En outre, les piètres performances des forces armées russes ont surpris les experts et analystes militaires, qui avaient prédit au début de la guerre que la force militaire massive du pays lui permettrait de remporter une victoire rapide sur l’Ukraine.

M. Michel a également souligné en « termes très clairs » le caractère inacceptable de la guerre menée par la Russie et a détaillé les coûts des sanctions que l’UE impose à la Russie, a indiqué le responsable européen.

M. Michel a exhorté M. Poutine à dialoguer directement avec son homologue ukrainien, Volodymyr Zelensky, et a appelé à un cessez-le-feu en Ukraine, selon le responsable européen, qui a ajouté que Kiev avait demandé au président du Conseil européen de transmettre ce message.

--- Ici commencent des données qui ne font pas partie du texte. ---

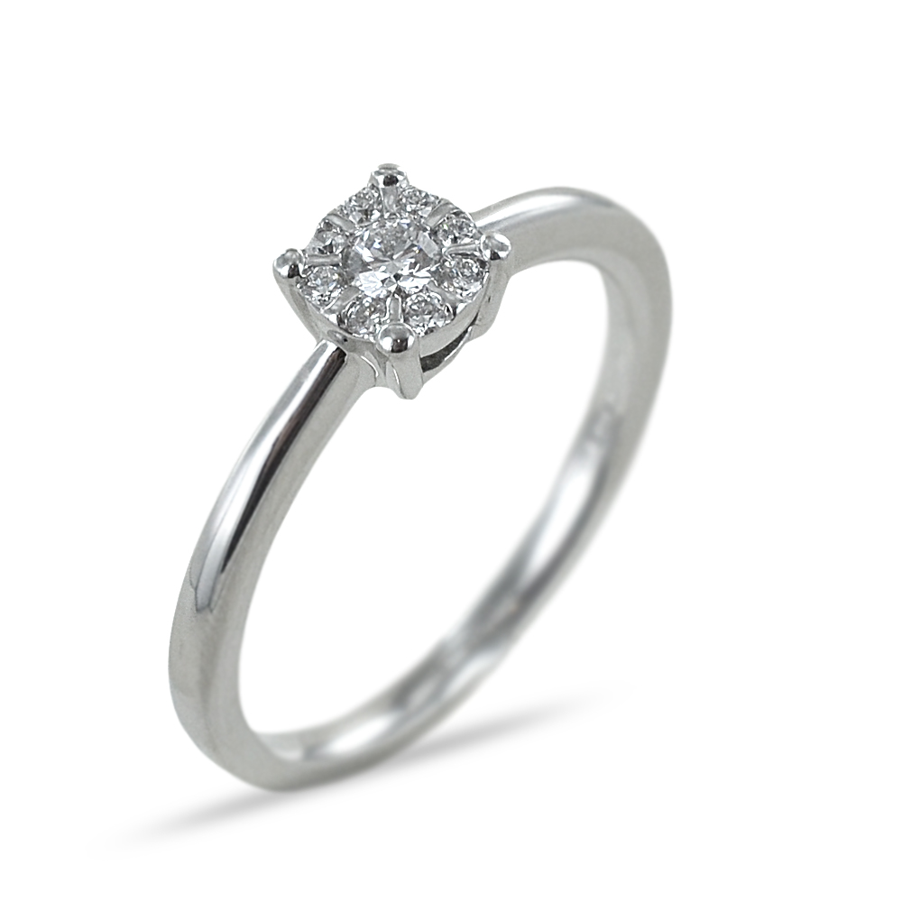 Questo anello è ad effetto solitario, con incastonatura chiamata "magic", questa rende proprio l'effetto di un unico diamante, mentre ne sono incastonati 9, uno grande al centro e 8 più piccoli intorno, per una caratura totale di 0.14.

Selon le compte rendu du Kremlin, M. Poutine a à son tour indiqué au président du Conseil européen qu’il ne s’entretiendrait directement avec son homologue ukrainien que si les discussions en cours entre les deux pays aboutissaient à des résultats concrets.

M. Poutine a déclaré à M. Michel que Kiev montrait qu’elle n’était pas prête à chercher des solutions mutuellement acceptables et a accusé la partie ukrainienne d’être « incohérente » dans les négociations.

M. Michel a également appelé à un cessez-le-feu à l’occasion de la Pâques orthodoxe qui approche et à un accès sécurisé pour les civils qui cherchent à quitter les villes assiégées telles que Marioupol.

« Il a également appelé à un cessez-le-feu à l’occasion de la Pâques orthodoxe qui approche et à un accès humanitaire immédiat et sécurisé pour les civils cherchant à quitter les villes assiégées, comme Marioupol », a-t-il écrit sur Twitter après l’appel.

L’Ukraine a accusé les forces russes de ne pas respecter un accord de cessez-le-feu local permettant aux femmes, aux enfants et aux personnes âgées de fuir la ville assiégée.

Les Nations unies estiment que cinq millions de personnes ont fui l’Ukraine depuis le début de l’invasion russe.

M. Michel a déclaré avoir « réitéré fermement la position de l’UE : soutien à l’Ukraine et à sa souveraineté, condamnation et sanctions pour l’agression de la Russie. »

Au-delà de l’Ukraine, l’appel téléphonique a également permis de discuter des efforts de médiation entre l’Arménie et l’Azerbaïdjan au sujet du territoire du Haut-Karabakh.

Une réunion entre le président azerbaïdjanais Ilham Aliyev et le Premier ministre arménien Nikol Pashinyan avait eu lieu au début du mois à Bruxelles, sous la médiation de M. Michel.

Toutefois, ces dernières semaines, la Russie s’est également efforcée de revaloriser son rôle dans le règlement du conflit du Haut-Karabakh, M. Pashinyan et M. Poutine ayant récemment convenu d’intensifier la coopération tripartite entre l’Arménie, la Russie et l’Azerbaïdjan.

Selon un communiqué publié à l’issue de cette rencontre bilatérale, ils n’ont pas discuté du prétendu « traité de paix » négocié à Bruxelles.